Genius never rests

Sporting News, The, Feb 16, 1998 by Dave Kindred

Despite Michael Jordan's public musings about retirement now ratcheted up to declarations, my guess is he will play another year or two. Yes, he's turning 35 next week. He has won five world championships. Money he has in multiples of millions. His ears are famous. So why not do a Seinfeld?

Because he's Michael. He'll quit someday rather than embarrass himself. But such a day, if ever it would come, is far off. Meanwhile, he'll find a way to keep playing basketball. He always has.

In 1986, on a bad foot and under orders from the Bulls to sit still, he played pickup games in North Carolina. "I love the game like a wife," he said then. Ever since, he has proved it. A lost year riding baseball buses reminded him of what he missed. To breathe, he needs basketball. And now he'll quit? Because Phil Jackson, the Bulls' coach, is leaving?

One thing argues for playing on. His madness. "All I have to declare," the playwright Oscar Wilde once told a customs agent "is my genius." So does Michael Jordan move with the beautiful madness that is genius. It is a compulsion to excellence that raises him to marvels of work unintagined, as on a night in Minneapolis when ...

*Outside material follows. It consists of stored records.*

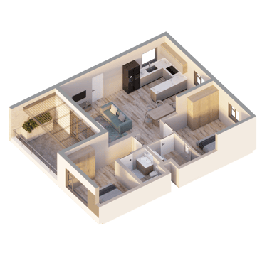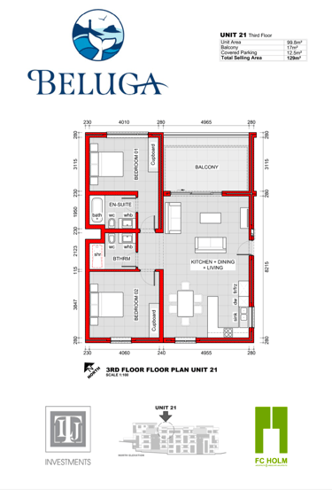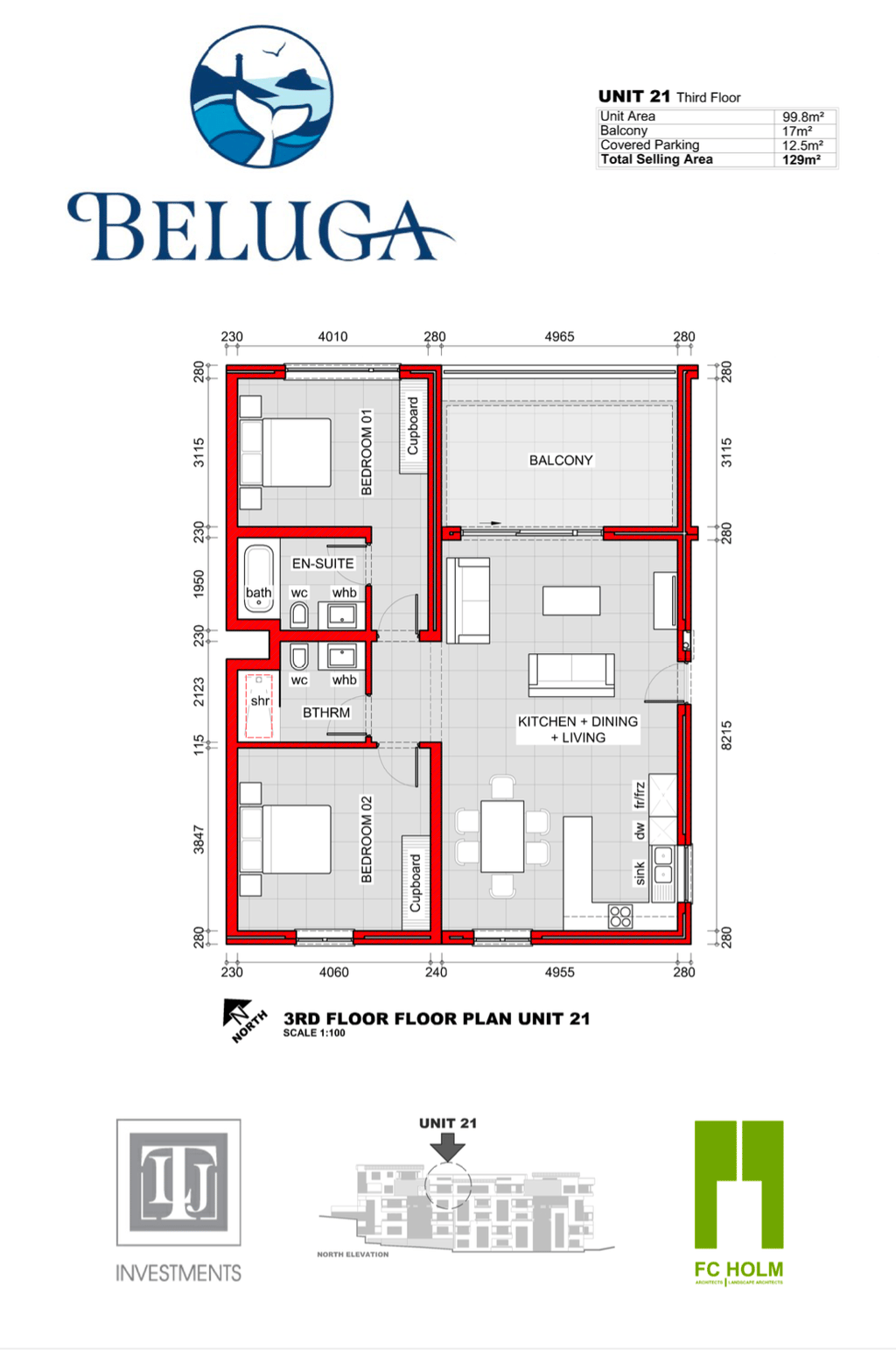 Unit 21 offers a spacious third-floor layout that combines modern comfort with generous proportions and excellent natural light. The open-plan kitchen, dining and living area forms a welcoming central space, flowing seamlessly onto a large 17 m² balcony—perfect for outdoor dining, relaxation or simply enjoying elevated views. The unit includes two well-sized bedrooms, both fitted with built-in cupboards. The main bedroom features a private en-suite bathroom with a bath, WC and basin, while a second full bathroom with a shower, WC and basin serves the remainder of the home. With a total selling area of 129 m², including covered parking, Unit 21 provides an elevated and contemporary living experience with superb indoor–outdoor integration.
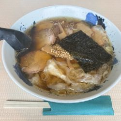 コシがとてもある麺と対照的にワンタンの皮は極薄で金魚のヒレのようだ。
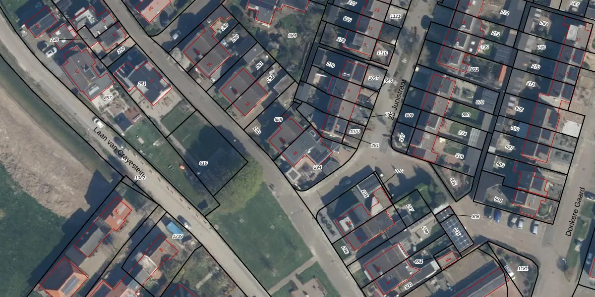 Gebruik de zoekbalk of klik op een perceel voor informatie over de adressen binnen dit perceel.
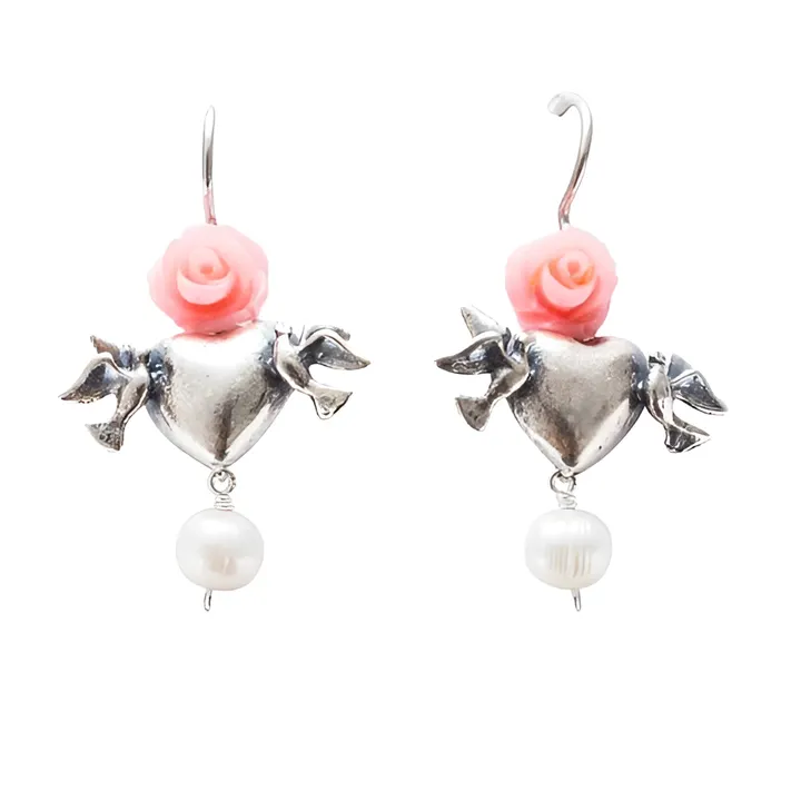 Aretes Dulzura|ハートと鳩のピアス(シルバー・パール・レジン)
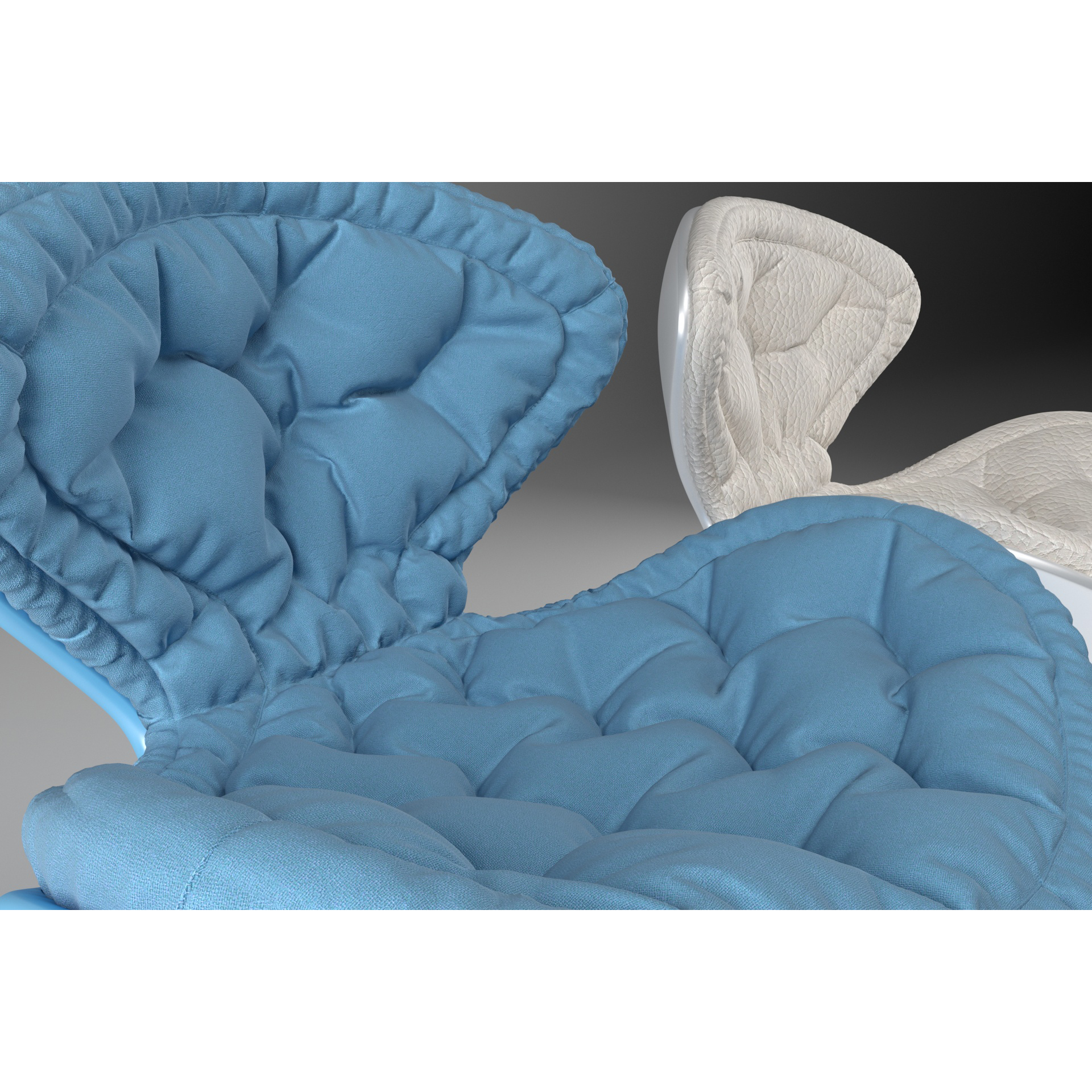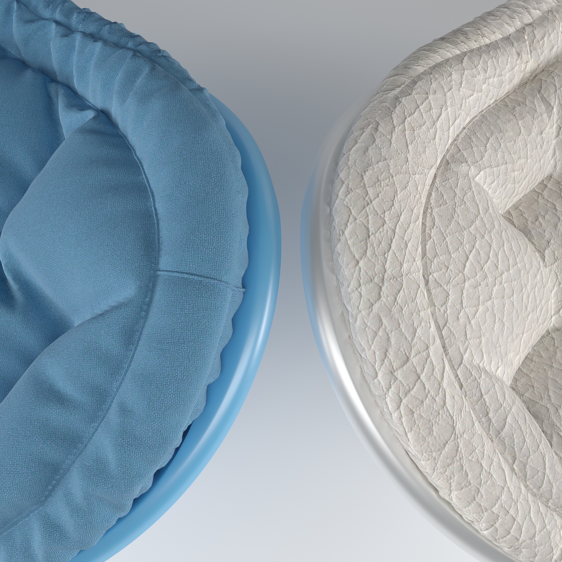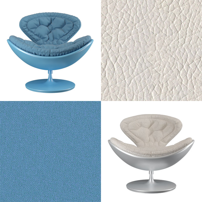 • два вида обивки: тканевая обивка из флиса насышенного голубого цвета и кожа кремового цвета

... he's on the rim, bringing the ball past the key ... and now he's in the air, high, floating, and as he floats toward defenders with nowhere to go, he somehow turns his back to them ... and with the ball in his right hand as he re-enters the Earth's atmosphere, he slaps that wrist with his left hand ... popping the ball up ... and into the basket..

Hundreds of places. Thousands of games. Tens of thousands of players. I'd never seen such a thing. Jordan said he'd never done such a thing. "You get into places where you just have to do something," he said.

Such is Jordan's genius that in practically every game, he goes somewhere and does something. You'd swear no one ever before had done that thing because that thing was impossible to do even if, by some hallucination, he had thought it up beforehand.

Would a man walk away from such work?

Only when he has to.

Maybe 20 years ago, in a coffee shop late at night, I suggested to John Thompson, the Georgetown University basketball coach, that Muhammad Ali should quit fighting.

"That's why he won't" Thompson said. "All his life, he fought against the odds. Odds said he couldn't beat Liston, couldn't beat Foreman, couldn't beat Frazier. Now that the odds are against him because he's old, he's going to fight those odds. And you know something else?"

Thompson leaned across the table. "He won't quit because if he quits, he won't be who he wants to be. Without fighting, he's not the Muhammad Ali he likes."

Better than Ali, better than any other athlete, Michael Jordan has created a persona outside his game. He would have us believe he is as much a businessman as he is a basketball player. Maybe he is, in a dollars-and-cents way. But not in any real sense.

Television commercials are shills not to be trusted. I'd pay $50 to see Michael Jordan play basketball. But not 50 cents for cologne with his ears on the bottle.

It's Jordan the athlete I admire. The columnist Jonathan Yardley, the Mencken of our time, says two men first come to mind when he thinks of people in the public eye whom he admires "without significant reservation." They are Michael Jordan and Cal Ripken Jr.

"What matters about these two," Yardley writes, is not that they are athletes but that they have developed their natural gifts to the fullest, that they are steadfast in their loyalties and solid in their convictions, that they work hard and meet the challenges before them, that their presence enriches all of us."

As much as Americans worship (the right word) Jordan, it remains true that once he stops playing basketball, he's a different person. Michael Jordan running a clothes business, Michael Jordan acting. Please. Jordan as a serious golfer? Get serious. If he were meant to be those people, he'd have been them. He was born for basketball.

It's far too early for him to leave the game and lose the validation that comes with his wonders. The great thoroughbred trainer Horatio Luro advised, "Never squeeze the lemon dry." Sadly, we saw the lemon dry the day Willie Mays stumbled away from home plate. But Jordan, even at an antique basketball age, is yet an extraordinary player capable of unimagined things.

The hope here is that he plays another year or two. I'd like to see him with Phil Jackson. They made the Bulls a dynasty, Jackson helping Jordan raise the level of his teammates' games. But the inevitable erosion, long resisted, has now set in at Chicago. The front office there has decided it's time to remake the franchise. So Jackson is gone after this year. And Jordan has said, if the coach goes, he's gone.

Which is not the same as saying he's retiring. Maybe if Jackson is coaching somewhere next year, Jordan plays for him. The latest rumor: Jackson to coach the Nuggets, as bad a team as the law allows. And who has always said he lives for a challenge? Michael Jordan.

Dave Kindred is a contributing writer for The Sporting News.